“Entrevista com
o goleiro”
-Senhores, hoje
temos o prazer de apresentar nosso primeiro reforço para a temporada, que vem
aí nos ajudar este ano e, tomara, conquistar muitas vitórias para o Esperança
de Varginha: o goleiro Otávio... Quem quiser, pode fazer a primeira pergunta —
anuncia o presidente.
-Otávio, como
você acha que a torcida e seus companheiros vão reagir à contratação de um
jogador chamado de bandido pelos adversários?
-Eu cometi um
erro? Cometi. Foi grave? Foi grave — responde o goleiro com uma frieza digna de
quem está habituado a agarrar pênaltis em decisões.
-Mas você acha
que o que você fez foi um “erro.” Só isso? Mesmo? — insiste o repórter.
-Eu traí minha
mulher? Traí. Todo mundo faz isso? Todo mundo faz isso.
-Mas você não
foi preso porque traiu sua mulher, né, Otávio?
-Eu me recusei a
transar com camisinha? Me recusei.
-Então você acha
que seu erro foi não ter usado camisinha?
-Eu engravidei
uma mulher sem querer?

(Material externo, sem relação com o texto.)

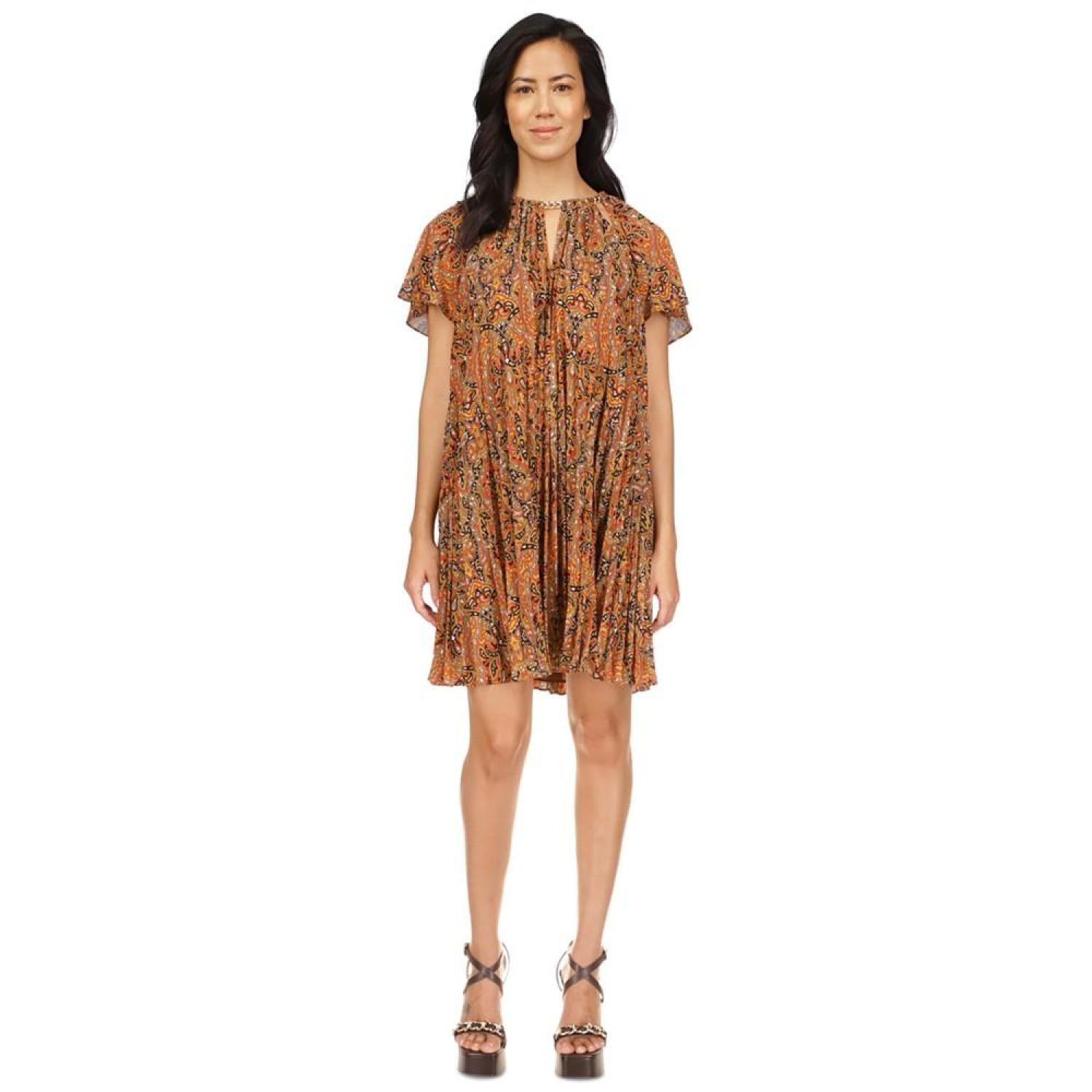 Fun and floaty, this vibrant paisley tent dress from MICHAEL Michael Kors is polished with a chunky chain and allover pleats. Model is wearing a size extra-small Approx. 35-1/2" long from center back neck to hem Crewneck with cutout and chain Hook and clasp closure at back neck Allover pleats XS=0-2, S=2-4, M=6-8, L=10-12, XL=14-16 Lined Shell, lining: polyester Machine wash Imported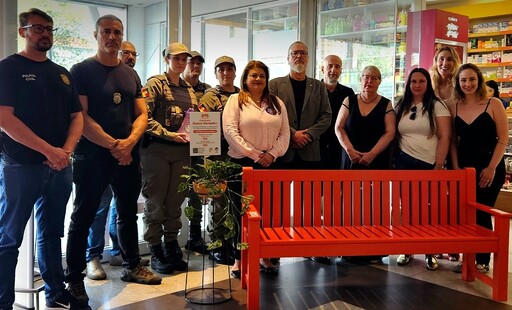 Instalado em espaços públicos ou de grande circulação, o banco traz mensagens de reflexão e informações sobre canais de denúncia e serviços de apoio às vítimas.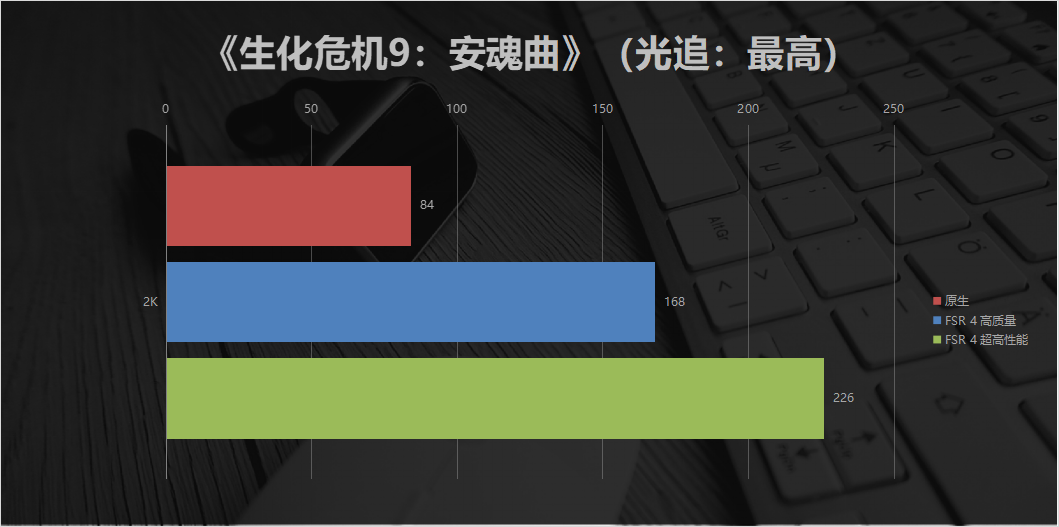 在开启光线追踪、DLSS/FSR等特效后,其性能优势依旧显著,光影渲染的细腻度与画面流畅度实现完美平衡,沉浸式游戏体验拉满。在2K+超高画质+最高光追的设置下进行测试,即使不开启任何超分技术,它也可以实现84fps的平均帧率。开启AMD FSR 4高质量挡位后,游戏画质几乎没有肉眼可见的损失,平均帧率却直接翻倍至168fps,轻松实现了2K光追下的满帧畅玩。将FSR 4调至超高性能挡位,平均帧率更是飙升至226fps,彻底解锁了光追下的超高刷体验。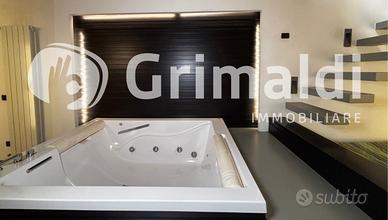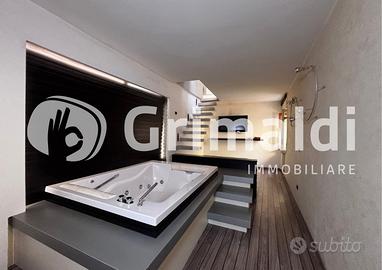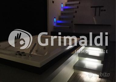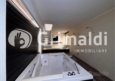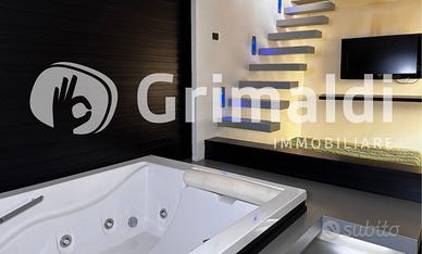 La zona notte ospita una spaziosa camera da letto con una splendida vasca idromassaggio integrata e una scala dal design moderno, con luci LED incassate, che conduce al livello superiore dove si trova una comoda cabina armadio con accesso a un balcone privato.
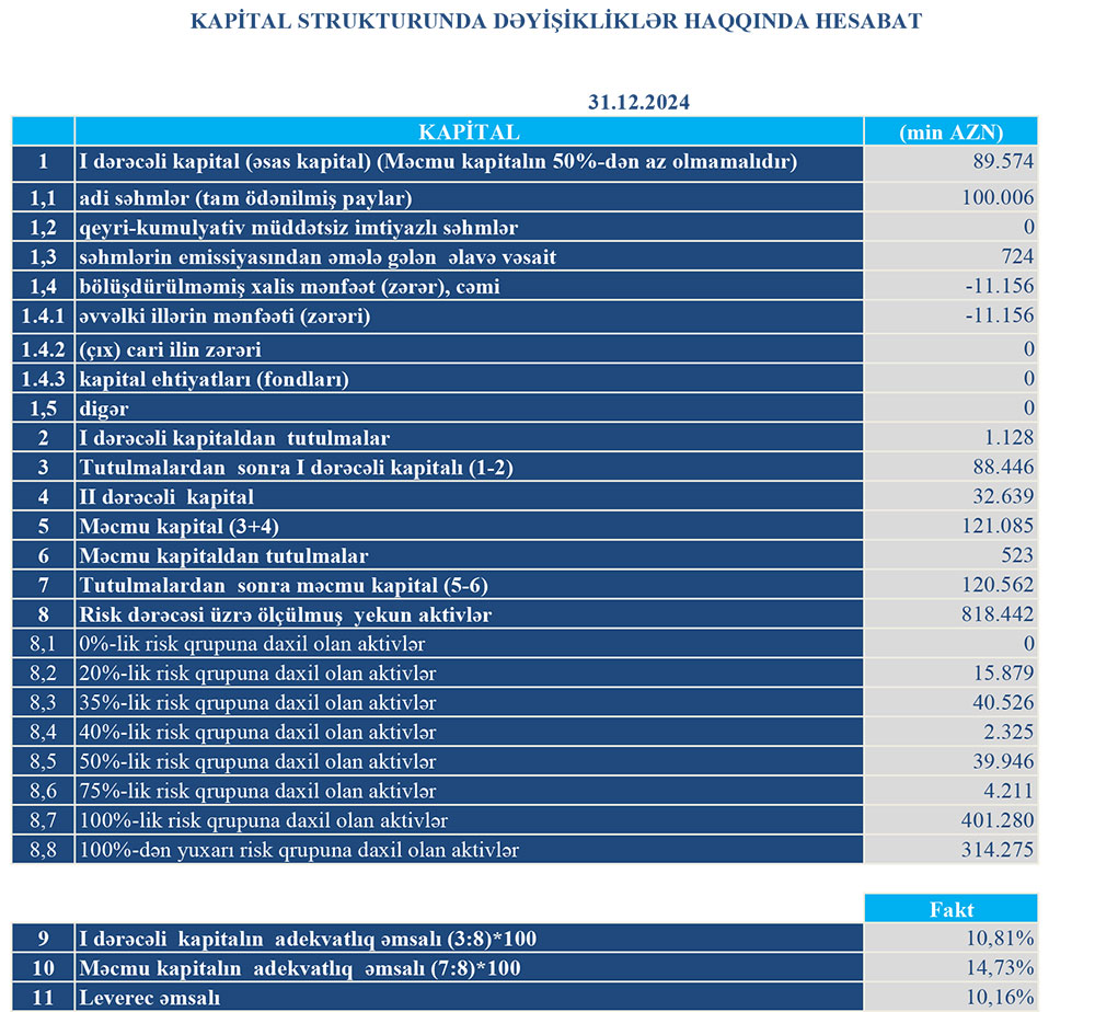 31 dekabr 2024-cü il tarixində "Turanbank" 120 milyon 562 min manat məcmu kapitala malik olub.
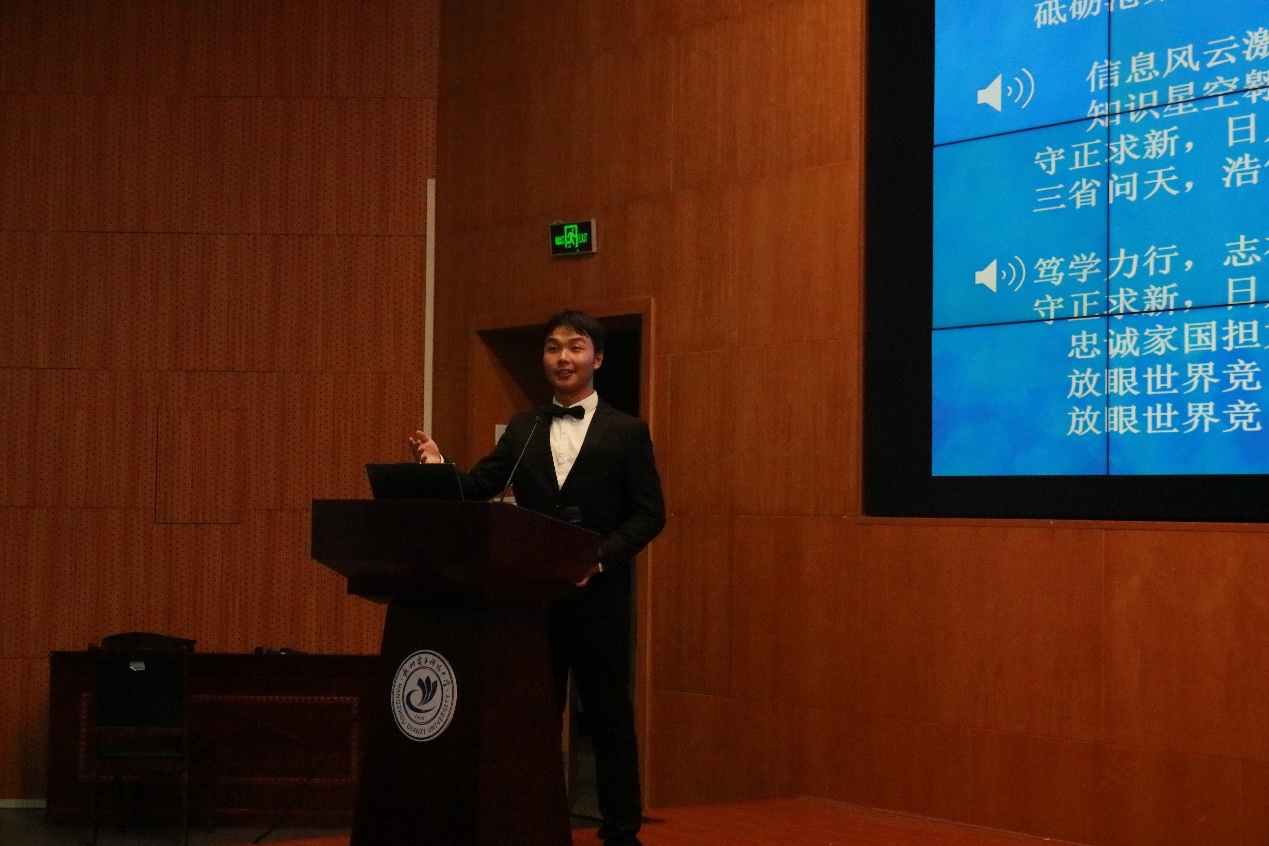校歌教唱环节中,四季男声合唱团带领新生逐字研读校歌歌词,引导大家领悟“笃学力行守正求新”的校训精神;随后通过打拍子、分句哼唱等互动方式,帮助新生攻克节奏把控与音准校准等难点。从最初的生涩生疏,到后来的流畅进行,教学现场数百名新生歌声整齐划一、激情昂扬,校歌的旋律久久回荡。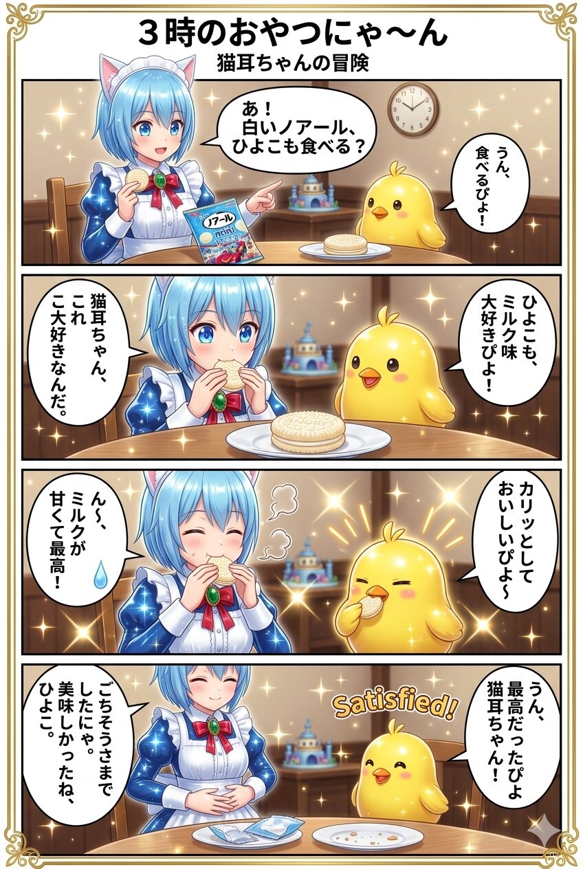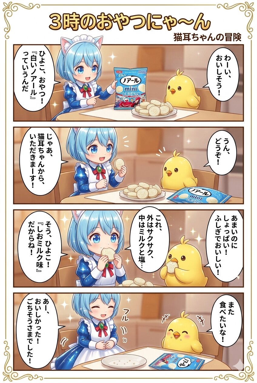 3時のおやつにゃ〜ん 動くイラスト 2026/4/27使用したAI Gemini/Nano Banana 年齢制限 全年齢 いいね2 シェア #猫耳ちゃん #ひよこ #猫耳 #メイド服 #3時のおやつにゃ〜ん #漫画 #白いノアール #ドラえもん プロンプト なし コメント 送信 動くイラスト 2024年6月より活動開始 352投稿12フォロー30フォロワー 2024年 06月28日(金)初投稿 10月13日(日)動くイラスト投稿 モーションブラシを使用してのアニメショーン フォローする 他の作品 全てを見る サンリオピューロランド クリスチャン・ラッセン展示会 ハヤテのごとく 綾崎ハヤテ 猫耳ちゃんとひよこ 初音ミクの展示会 猫耳ちゃんとひよこ ガンプラ展示会 猫耳ちゃんとひよこ 映画館 猫耳ちゃんとひよこ 公園 猫耳ちゃんとひよこ イオンモール 猫耳ちゃんとひよこ 外国? アニメ展示会 ニンテンドーミュージアム エビフライの抱き枕 北極キツネ 猫耳ちゃんとひよこ 巨大プリンでジャンプする 巨大たい焼きに乗る猫耳ちゃんとひよこ 猫耳ちゃんとひよこ 夏祭り かき氷 猫耳ちゃんとひよこ TOKYOふしぎ祭エンス 猫耳ちゃんとひよこ トランポリン もっと見る

Engravidei.
-Otávio, é
impressão minha ou você está usando a velha estratégia de responder perguntas
retóricas para si mesmo num tom sereno e informal para diminuir a gravidade da
situação e convencer uma parte mais despreparada da imprensa e a grande fatia
mais ignorante da população de que você não é bandido?
-Imagina!
Bandido? Eu não sou bandido. Eu ameacei ela? Ameacei. Coloquei um abortivo na
bebida dela para ver se a criança não nascia? Coloquei. Obriguei ela a beber?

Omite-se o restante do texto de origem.